Wilt Chamberlain slept with twenty thousand girls and scored one hundred points in a single NBA game. 'Wilt the Stilt' was so dominant that he was booed despite his brilliance - until a young Kareem Abdul-Jabbar rose to challenge him.
Wilt genially summed up his unpopularity for the media - "No one roots for Goliath." I felt the same way watching Manchester United wilt and fall to the irrepressible Barcelona in the Champions League final.
Barcelona's brilliance has transformed football into a game more akin to basketball, water polo or European handball. A team advances with the ball via a passage of intricate but predictable play, and then shoots.
The problem is that Barcelona are so good that the game is all one way. No one can get the ball off them, and no one can hold on to it against them. A match against the Catalans swiftly becomes a succession of one-way blows. Barca's unbridled success is well deserved but the majesty of their glory is fading, mostly thanks to the histrionics of Daniel Alves and Pedro.
It's surely indisputable that Barcelona's tiki-taka has claimed Spain, Europe and the world. The Barcelona way is now the Spanish way - the World Cup was proof of that. Alex Ferguson, perhaps the world's most experienced and financially-backed manager, has attacked them twice and failed miserably. Jose Mourinho assembled the most expensive squad in the history of football and failed to do anything but degenerate the game into more of a boxing match than Holland's attack on Spain in the World Cup Final.
Barca's dominance is best demonstrated by the brilliance of their players. Few could force their way into the Barcelona First XI. One might prefer a marauding Gareth Bale over Eric Abidal, or perhaps the cool Ricardo Carvalho instead of Gerard Pique. But apart from Arjen Robben (and of course, a certain C. Ronaldo) Barcelona can claim to have the best in the world - and their spine is completely home-grown.
I would love to see Barcelona in the flesh. They play a beautiful style of football, they dive less than most and they score wonderful goals.
But the time has come for a challenger to rise against them, for a tactical innovation to re-shape the game, to restore football to a match of 90 minutes and 90 emotions where any team with the requisite mix of valour and skill can score a goal. Football's inherent drama, its fundamental strength, springs from the contest.
The Barcelona carousel is mesmerizing, without a doubt - but nobody likes Goliath. Because Goliath is a bully.
But where can the challenge come from, and would it be worse than the beautiful game it seeks to destroy?

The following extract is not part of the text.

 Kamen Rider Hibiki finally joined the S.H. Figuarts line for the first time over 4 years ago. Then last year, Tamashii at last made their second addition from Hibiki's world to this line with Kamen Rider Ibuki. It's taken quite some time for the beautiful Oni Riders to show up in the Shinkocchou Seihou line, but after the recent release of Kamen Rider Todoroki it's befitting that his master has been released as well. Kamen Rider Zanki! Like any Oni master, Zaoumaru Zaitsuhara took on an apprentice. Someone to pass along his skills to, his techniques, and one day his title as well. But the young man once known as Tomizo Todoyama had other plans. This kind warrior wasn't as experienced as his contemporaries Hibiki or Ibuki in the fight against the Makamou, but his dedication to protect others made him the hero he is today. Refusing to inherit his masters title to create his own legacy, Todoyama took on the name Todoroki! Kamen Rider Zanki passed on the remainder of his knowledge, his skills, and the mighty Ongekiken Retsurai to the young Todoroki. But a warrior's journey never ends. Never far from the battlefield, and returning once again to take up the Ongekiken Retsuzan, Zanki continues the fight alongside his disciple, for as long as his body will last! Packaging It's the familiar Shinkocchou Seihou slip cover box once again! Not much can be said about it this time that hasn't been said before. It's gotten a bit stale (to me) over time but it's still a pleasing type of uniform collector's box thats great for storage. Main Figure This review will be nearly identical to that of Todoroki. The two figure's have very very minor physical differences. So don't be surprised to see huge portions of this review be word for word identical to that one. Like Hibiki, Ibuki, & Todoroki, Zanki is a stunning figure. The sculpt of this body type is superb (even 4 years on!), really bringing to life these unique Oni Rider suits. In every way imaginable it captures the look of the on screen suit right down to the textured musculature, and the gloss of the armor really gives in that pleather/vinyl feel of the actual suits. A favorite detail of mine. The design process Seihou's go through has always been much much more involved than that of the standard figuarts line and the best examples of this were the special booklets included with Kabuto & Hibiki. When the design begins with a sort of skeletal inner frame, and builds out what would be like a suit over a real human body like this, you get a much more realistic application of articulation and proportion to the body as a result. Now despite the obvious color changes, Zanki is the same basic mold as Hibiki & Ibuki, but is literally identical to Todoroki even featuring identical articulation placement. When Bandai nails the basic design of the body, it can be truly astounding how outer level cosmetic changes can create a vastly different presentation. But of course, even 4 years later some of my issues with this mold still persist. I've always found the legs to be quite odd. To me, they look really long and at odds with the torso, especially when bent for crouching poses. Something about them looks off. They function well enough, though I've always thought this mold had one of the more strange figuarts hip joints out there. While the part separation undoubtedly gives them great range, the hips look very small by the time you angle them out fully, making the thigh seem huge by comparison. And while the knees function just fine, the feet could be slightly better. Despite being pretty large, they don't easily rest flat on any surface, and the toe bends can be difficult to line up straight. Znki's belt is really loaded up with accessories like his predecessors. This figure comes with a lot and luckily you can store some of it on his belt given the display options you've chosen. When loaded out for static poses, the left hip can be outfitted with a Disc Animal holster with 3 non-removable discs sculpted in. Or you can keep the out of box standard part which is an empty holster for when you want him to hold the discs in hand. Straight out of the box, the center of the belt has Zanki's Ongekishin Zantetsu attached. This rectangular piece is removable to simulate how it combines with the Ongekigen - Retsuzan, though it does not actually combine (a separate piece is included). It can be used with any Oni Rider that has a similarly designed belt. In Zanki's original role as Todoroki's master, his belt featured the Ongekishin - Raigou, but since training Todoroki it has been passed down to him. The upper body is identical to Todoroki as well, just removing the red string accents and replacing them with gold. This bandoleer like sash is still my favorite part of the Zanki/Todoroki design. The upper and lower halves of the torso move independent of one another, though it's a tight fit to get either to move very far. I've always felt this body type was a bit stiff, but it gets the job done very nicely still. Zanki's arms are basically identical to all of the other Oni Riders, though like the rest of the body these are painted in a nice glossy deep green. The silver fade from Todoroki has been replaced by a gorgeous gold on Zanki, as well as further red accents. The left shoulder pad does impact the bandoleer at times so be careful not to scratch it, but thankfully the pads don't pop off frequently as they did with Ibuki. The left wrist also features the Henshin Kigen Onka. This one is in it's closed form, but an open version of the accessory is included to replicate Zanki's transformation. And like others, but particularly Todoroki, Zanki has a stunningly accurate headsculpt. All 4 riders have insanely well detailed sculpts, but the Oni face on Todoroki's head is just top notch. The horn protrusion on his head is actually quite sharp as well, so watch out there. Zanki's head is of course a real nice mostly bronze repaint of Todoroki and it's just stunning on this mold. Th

The safest bet is that Mourinho will find a way of stacking his defense. Real Madrid might take an ugly title over another year of humiliation, and perhaps a new "catenacchio" will emerge, a kind of inverse sweeper plugging the space where Messi, Xavi and Iniesta roam. Messi's magic from the false nine position has made the two centrebacks redundant. I'm betting that Mourinho will mould a back three to ward off Pedro and Villa, and send Pepe out to man-mark Messi. The determination to avoid another 5-nil thrashing is already evident in Pepe's transformation from centre back to midfield, and Mourinho's affection for a midfield made by the destroyers Diarra, Alonso and Khedira.
Mourinho beat Barca with Inter Milan by packing the defence and relying on one or two counter-attacks over 180 minutes. How Sir Alex Ferguson re-shapes his (surely final) challenge will be fascinating, while Chelsea and Manchester City are probably the only other clubs in with a fighting chance.

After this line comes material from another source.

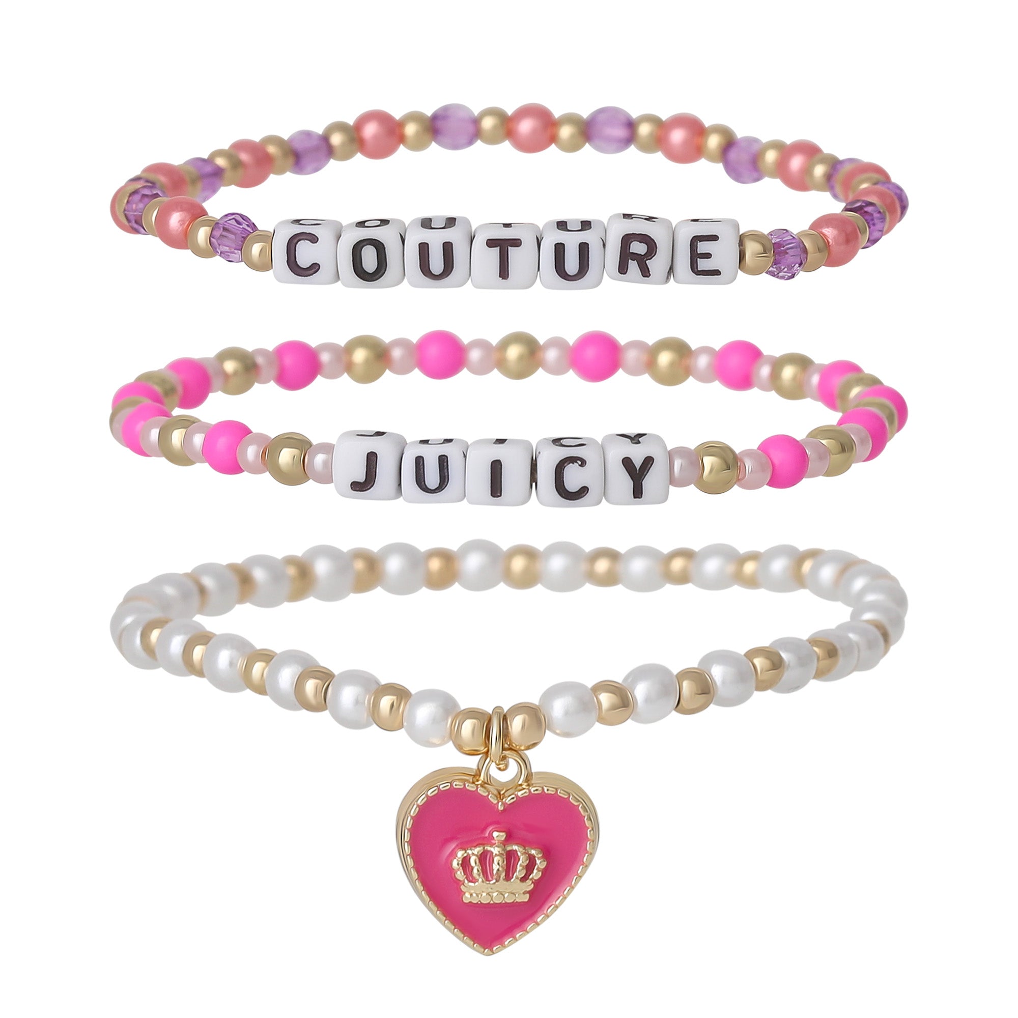 Kids Choose Juicy Heart Charm 3 Piece Beaded Bracelet Set

I fear that next season's Champions League will be dominated by clubs playing on the counter. That's why we should all mourn the absence of Tottenham Hotspur - a club long shorn of European glory, but with the verve, ability and ambition to take on any comers. Unfortunately their chance to take a shot at Barcelona was cruelled by Peter Crouch's stupidity.
Tottenham vs Barcelona - that would have been David vs Goliath. And David might have had a chance.